Until they can afford to build their dream house, they live in the motel office with their children, 9-year-old Khang-Ninh ("I like to be called Connie," she said) and Gia-Ninh, 6. "It's very noisy," Mrs. Chuang noted. "When a truck passes by, we can hardly hear the TV."
Chuang came to this country to study. She got a master's degree from Howard University and began work on a doctoral thesis, "Psycho-Analysis of Political Behavior."
But, "Some of these political behaviors just upset me, so I give up," she said. "Now I'm at peace with myself because I can stay home and take care of my kids."
King's Antiques anchors the southern end of the median, three miles north of Upper Marlboro. It hasn't been a motel for at least seven or eight years, said Mike Gerrity, who lives in an adjoining house with a friend and her daughter.
"I'm making my money here right now," said Gerrity, who with partner George Stern builds antique-style furniture and refinishes old pieces in a basement shop. Gerrity and his girlfriend want to move to the country. But until then, "This is kind of our semi-in-the-country place," he said.
It's also an increasingly well-traveled place.
The opening of the Capital Beltway in the 1960s and I-95 in the 1970s diverted some of the traffic that traveled from Baltimore across the Potomac River Bridge to Virginia. But in the meantime, the Washington suburbs have spread outward. And two major highways, Central Avenue and U.S. 50, cross Highway 301 and its median, increasing the traffic flow.
John Greene, manager of the new 20,250-square-foot Lowe's home supply store, on five acres in the Bowie stretch of the median, says that this part of Prince George's is growing so fast, the two-month-old store may need to expand.
"We're finding that the property really is not large enough for the area," he said.
But the highway median location is ideal for Dominion Saddlery, manager Judy Farnsworth said.
"We're in between two racetracks, Marlboro Prince George's County Equestrian Center and Bowie," she said. "There is obvious easy access. We get a lot of people who go by for a month or two, then just stop by to see what we have. They're not always horse people, either."
Bennie Jones, who keeps 60 hogs on what's left of his father's 50-acre farm in the median around Mitchellville, recalled a time when "it wasn't two highways here.

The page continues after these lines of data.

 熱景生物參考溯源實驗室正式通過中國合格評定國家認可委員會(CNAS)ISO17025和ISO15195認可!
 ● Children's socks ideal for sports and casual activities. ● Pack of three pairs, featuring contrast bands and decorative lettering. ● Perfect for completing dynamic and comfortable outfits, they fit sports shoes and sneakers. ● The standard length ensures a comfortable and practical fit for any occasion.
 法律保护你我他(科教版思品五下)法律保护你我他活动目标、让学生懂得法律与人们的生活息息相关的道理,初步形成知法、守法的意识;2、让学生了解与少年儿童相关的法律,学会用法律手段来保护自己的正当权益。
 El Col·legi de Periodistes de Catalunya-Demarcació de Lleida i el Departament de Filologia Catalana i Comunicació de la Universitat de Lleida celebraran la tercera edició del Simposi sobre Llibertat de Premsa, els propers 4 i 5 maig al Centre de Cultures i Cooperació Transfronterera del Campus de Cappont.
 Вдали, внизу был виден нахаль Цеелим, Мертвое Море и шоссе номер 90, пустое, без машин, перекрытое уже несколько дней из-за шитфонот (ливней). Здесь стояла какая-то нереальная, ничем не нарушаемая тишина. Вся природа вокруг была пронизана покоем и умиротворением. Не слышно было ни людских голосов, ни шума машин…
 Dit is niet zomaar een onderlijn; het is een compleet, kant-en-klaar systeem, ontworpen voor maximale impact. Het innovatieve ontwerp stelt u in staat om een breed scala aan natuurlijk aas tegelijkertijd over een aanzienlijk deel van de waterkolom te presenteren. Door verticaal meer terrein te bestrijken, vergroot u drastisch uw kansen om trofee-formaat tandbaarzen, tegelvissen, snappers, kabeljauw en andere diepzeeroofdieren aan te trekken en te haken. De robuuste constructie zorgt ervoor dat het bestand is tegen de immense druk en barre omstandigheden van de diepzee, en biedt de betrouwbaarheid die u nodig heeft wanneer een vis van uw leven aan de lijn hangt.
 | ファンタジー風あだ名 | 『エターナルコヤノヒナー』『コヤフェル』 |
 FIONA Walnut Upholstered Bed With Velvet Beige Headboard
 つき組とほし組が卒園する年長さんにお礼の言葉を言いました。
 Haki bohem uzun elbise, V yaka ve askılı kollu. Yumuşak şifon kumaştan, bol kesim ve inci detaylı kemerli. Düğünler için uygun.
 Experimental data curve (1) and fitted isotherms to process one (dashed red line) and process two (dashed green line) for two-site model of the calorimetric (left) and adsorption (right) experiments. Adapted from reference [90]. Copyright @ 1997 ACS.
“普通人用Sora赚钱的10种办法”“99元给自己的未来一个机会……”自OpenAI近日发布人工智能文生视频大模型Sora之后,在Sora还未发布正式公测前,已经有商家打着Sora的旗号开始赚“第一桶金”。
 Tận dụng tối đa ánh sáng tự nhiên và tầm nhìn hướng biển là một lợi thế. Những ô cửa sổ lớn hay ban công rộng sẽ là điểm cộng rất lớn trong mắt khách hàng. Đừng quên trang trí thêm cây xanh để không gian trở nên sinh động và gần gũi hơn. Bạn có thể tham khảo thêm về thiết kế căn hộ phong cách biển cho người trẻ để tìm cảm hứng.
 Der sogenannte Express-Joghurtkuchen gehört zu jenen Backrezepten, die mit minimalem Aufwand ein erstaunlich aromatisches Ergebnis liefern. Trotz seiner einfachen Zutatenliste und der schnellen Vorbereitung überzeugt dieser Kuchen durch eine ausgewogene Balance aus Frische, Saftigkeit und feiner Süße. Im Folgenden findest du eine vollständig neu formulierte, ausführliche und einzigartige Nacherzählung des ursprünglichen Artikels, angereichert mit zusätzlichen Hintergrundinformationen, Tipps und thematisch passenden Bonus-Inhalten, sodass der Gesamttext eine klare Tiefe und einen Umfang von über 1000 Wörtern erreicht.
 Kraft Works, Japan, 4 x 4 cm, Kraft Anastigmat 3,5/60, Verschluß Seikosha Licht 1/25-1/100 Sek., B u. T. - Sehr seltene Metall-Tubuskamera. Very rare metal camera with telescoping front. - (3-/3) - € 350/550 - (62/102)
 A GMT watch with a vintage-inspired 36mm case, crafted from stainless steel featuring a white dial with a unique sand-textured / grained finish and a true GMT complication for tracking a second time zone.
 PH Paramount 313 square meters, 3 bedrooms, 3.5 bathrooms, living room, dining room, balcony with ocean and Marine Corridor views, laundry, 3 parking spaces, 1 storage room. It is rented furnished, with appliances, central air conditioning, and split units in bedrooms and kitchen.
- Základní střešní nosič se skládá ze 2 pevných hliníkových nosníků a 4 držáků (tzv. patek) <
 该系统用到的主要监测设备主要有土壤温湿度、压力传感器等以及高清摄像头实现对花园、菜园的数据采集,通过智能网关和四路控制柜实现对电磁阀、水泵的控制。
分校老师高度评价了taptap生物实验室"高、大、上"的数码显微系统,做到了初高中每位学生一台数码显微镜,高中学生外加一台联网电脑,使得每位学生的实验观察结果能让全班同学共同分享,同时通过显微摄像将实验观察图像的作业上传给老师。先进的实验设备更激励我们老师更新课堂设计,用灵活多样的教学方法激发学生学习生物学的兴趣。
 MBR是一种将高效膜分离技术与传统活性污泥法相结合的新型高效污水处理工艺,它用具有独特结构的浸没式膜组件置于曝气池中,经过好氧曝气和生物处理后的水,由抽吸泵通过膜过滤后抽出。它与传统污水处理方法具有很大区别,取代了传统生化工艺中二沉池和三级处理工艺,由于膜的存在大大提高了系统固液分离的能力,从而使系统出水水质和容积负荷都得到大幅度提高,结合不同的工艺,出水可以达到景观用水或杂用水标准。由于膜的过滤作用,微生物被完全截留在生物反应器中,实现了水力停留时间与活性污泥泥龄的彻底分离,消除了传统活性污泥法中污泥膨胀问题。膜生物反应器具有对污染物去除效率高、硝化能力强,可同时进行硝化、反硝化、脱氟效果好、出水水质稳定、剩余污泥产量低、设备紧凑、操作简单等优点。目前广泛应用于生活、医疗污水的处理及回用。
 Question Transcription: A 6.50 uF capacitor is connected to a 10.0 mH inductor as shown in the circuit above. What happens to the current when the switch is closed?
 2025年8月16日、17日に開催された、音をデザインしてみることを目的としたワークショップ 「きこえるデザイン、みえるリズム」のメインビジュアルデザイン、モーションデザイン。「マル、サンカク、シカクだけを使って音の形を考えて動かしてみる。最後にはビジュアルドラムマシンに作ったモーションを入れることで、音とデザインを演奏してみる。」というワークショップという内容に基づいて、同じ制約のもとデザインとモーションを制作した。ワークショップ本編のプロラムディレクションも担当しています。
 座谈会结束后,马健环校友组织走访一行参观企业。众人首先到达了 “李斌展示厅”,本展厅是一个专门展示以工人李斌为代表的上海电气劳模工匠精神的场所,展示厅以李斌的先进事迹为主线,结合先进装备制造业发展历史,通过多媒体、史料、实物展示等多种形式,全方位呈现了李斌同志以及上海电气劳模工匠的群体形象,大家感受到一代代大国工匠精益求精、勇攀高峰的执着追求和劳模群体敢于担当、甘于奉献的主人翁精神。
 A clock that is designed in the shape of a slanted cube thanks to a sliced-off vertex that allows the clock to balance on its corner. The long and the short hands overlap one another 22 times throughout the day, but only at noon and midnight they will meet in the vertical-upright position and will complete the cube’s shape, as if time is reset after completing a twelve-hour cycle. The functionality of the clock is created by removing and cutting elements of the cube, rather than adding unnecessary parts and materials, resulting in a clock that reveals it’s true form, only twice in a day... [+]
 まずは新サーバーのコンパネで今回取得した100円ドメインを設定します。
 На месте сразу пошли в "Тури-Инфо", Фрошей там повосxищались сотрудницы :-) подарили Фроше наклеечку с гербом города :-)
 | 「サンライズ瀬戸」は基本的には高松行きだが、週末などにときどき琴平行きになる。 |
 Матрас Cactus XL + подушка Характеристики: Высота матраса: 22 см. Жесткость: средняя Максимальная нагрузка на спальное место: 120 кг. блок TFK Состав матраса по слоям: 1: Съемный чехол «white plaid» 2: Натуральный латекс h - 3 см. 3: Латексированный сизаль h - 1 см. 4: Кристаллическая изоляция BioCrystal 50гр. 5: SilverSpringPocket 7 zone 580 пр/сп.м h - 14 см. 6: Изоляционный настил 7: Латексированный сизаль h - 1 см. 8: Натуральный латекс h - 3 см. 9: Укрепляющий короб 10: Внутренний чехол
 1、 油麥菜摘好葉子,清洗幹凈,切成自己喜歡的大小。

The southbound lane is the new one." Jones, 64, said that when he was young, the highway was one lane in each direction, which was adequate for traffic back then.
"When I was a kid, we were about the only one in here, because it was all farmland," said Jones, whose house trailer is surrounded by junked cars he keeps for parts.
"I get a little money out of these hogs and a little money out of that junk," said Jones. "Eventually, I'm gonna have to move the hogs out; there's too many people around here now."
His granddaughter, Bianca Sharps, 9, agreed: "It's hard to sleep because the cars come down and make a lot of noise."
Among the people of the median are tenants of the Jones clan. They include Pauline Harris, 30, and Wayne Windsor, her 5-year-old nephew, who had stopped to look at the grazing horses on their way back from the store to the mobile home she shares with her sister Rita Windsor, 26, Windsor's husband, an auto mechanic, and six children.
They pay $75 a month in rent. Behind them is a field where they grow tomatoes, peppers, potatoes, corn and other vegetables. The field stretches over to the southbound side.
Their four school-aged children must walk down the dangerous shoulder on the northbound side to the next driveway to be picked up by the bus.
The bus drivers say it's "too dangerous to stop here, coming off the hill," Harris said.
"Hopefully, we won't be living here much longer," said Rita Windsor, apologizing for the state of their home and its surroundings. "I hope to get out of this place."
The women make a living planting, harvesting and stripping tobacco for a farmer in nearby Well's Corner. But their greatest ambition right now, they said, is to become full-fledged tenant farmers living on a full-fledged farm that is not in the median of U.S. 301.